__Problem__:
Lines from the line with "Over the past" to the line with "このように5通のメールが届き" in the entries below, and only those, must be output exactly, with both ends included.

__Stored items from a collection__:
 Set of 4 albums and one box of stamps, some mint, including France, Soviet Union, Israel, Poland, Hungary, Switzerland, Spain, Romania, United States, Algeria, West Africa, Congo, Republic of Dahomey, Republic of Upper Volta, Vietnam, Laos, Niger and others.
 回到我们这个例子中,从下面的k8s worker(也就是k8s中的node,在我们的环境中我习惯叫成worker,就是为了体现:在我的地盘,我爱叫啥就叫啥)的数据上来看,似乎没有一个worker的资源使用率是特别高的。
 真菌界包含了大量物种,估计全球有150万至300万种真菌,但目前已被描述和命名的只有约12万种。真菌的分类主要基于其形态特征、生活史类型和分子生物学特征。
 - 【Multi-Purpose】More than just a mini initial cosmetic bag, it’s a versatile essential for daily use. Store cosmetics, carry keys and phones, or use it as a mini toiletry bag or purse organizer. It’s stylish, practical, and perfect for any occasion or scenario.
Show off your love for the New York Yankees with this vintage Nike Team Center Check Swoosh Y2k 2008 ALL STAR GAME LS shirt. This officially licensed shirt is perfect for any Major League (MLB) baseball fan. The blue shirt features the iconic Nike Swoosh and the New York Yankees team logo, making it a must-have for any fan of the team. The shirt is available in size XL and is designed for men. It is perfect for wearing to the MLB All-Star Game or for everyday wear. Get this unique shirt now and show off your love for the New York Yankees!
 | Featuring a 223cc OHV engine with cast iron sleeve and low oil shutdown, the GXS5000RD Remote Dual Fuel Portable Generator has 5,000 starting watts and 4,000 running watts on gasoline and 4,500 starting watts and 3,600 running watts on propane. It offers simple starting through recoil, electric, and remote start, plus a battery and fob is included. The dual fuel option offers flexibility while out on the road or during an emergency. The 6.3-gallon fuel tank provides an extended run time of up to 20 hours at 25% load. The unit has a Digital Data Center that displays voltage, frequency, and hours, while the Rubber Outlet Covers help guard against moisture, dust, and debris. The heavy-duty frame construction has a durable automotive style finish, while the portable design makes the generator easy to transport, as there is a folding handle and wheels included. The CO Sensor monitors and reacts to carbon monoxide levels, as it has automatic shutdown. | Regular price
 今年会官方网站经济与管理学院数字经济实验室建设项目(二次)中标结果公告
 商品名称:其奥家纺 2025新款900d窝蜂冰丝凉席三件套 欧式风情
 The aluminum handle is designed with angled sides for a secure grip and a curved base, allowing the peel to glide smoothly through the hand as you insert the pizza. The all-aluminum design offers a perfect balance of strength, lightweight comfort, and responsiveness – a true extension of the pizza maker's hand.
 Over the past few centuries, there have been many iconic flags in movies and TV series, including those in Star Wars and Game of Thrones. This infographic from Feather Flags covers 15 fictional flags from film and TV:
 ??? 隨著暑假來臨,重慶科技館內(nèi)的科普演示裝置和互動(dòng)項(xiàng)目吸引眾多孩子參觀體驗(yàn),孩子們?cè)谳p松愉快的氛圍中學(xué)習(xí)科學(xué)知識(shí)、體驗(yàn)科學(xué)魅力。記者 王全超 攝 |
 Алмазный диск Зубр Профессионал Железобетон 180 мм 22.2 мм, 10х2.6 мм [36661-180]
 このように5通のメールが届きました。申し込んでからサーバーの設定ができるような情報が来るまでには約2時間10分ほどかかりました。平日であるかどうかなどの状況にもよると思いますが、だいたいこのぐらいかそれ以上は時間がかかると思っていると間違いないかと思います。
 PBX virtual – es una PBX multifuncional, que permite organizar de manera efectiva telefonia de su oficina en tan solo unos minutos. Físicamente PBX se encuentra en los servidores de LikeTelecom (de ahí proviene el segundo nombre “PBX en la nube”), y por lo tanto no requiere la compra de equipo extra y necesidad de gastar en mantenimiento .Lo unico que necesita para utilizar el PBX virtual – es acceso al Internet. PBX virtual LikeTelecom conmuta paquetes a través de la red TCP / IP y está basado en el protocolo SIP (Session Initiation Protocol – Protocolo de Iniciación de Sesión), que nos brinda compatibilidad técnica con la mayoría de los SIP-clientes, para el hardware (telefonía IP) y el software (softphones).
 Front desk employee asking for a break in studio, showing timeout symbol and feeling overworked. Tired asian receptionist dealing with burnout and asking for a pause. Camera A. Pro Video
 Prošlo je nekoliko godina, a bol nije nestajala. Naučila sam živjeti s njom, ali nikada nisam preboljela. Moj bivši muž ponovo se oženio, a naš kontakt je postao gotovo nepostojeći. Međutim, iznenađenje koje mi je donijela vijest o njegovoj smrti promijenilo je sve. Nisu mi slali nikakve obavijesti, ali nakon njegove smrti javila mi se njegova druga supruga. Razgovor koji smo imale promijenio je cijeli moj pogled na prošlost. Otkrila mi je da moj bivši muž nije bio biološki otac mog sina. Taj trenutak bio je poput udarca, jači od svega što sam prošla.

__Solution to this exercise__:
 Over the past few centuries, there have been many iconic flags in movies and TV series, including those in Star Wars and Game of Thrones. This infographic from Feather Flags covers 15 fictional flags from film and TV:
 ??? 隨著暑假來臨,重慶科技館內(nèi)的科普演示裝置和互動(dòng)項(xiàng)目吸引眾多孩子參觀體驗(yàn),孩子們?cè)谳p松愉快的氛圍中學(xué)習(xí)科學(xué)知識(shí)、體驗(yàn)科學(xué)魅力。記者 王全超 攝 |
 Алмазный диск Зубр Профессионал Железобетон 180 мм 22.2 мм, 10х2.6 мм [36661-180]
 このように5通のメールが届きました。申し込んでからサーバーの設定ができるような情報が来るまでには約2時間10分ほどかかりました。平日であるかどうかなどの状況にもよると思いますが、だいたいこのぐらいかそれ以上は時間がかかると思っていると間違いないかと思います。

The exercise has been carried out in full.